◆ What is expected:
The records that follow are to be given again exactly, with their pictures omitted.

◆ Study material:
= = = = =
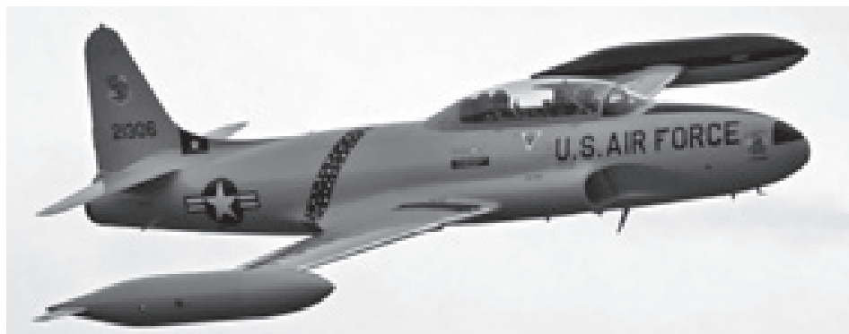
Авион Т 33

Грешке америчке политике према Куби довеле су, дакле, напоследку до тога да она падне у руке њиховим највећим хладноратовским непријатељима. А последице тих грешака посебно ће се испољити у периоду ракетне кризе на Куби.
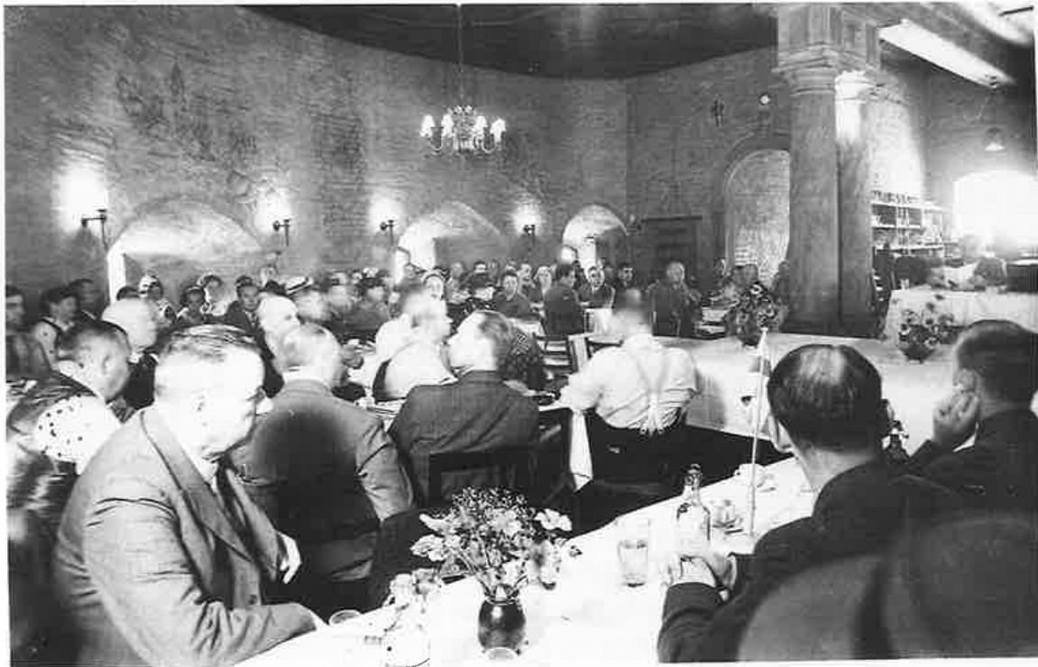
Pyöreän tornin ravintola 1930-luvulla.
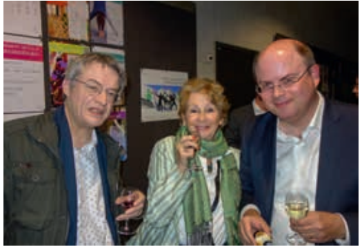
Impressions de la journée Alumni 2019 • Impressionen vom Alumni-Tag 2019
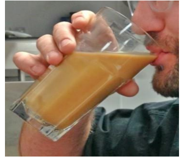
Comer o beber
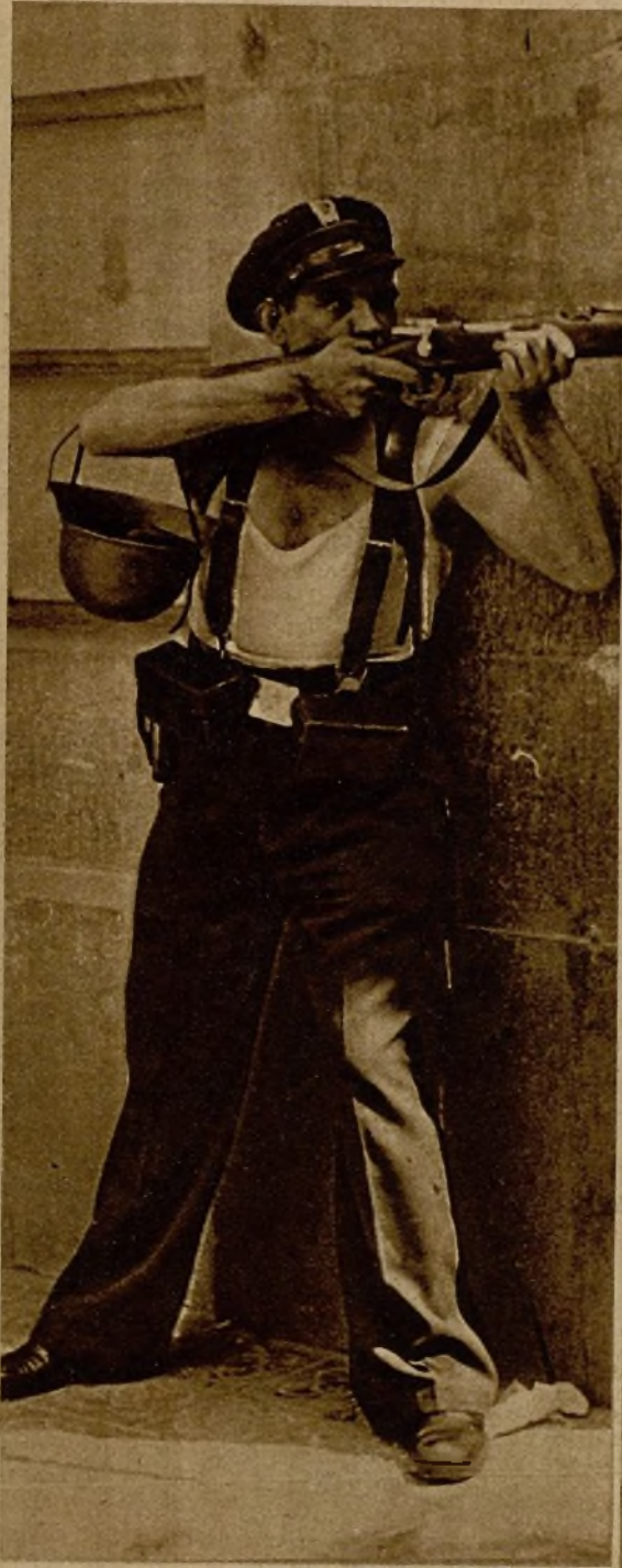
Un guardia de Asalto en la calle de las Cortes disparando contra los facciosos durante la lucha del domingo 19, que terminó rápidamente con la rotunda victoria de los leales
= = = = =
◆ Result:
Авион Т 33

Грешке америчке политике према Куби довеле су, дакле, напоследку до тога да она падне у руке њиховим највећим хладноратовским непријатељима. А последице тих грешака посебно ће се испољити у периоду ракетне кризе на Куби.
Pyöreän tornin ravintola 1930-luvulla.
Impressions de la journée Alumni 2019 • Impressionen vom Alumni-Tag 2019
Comer o beber
Un guardia de Asalto en la calle de las Cortes disparando contra los facciosos durante la lucha del domingo 19, que terminó rápidamente con la rotunda victoria de los leales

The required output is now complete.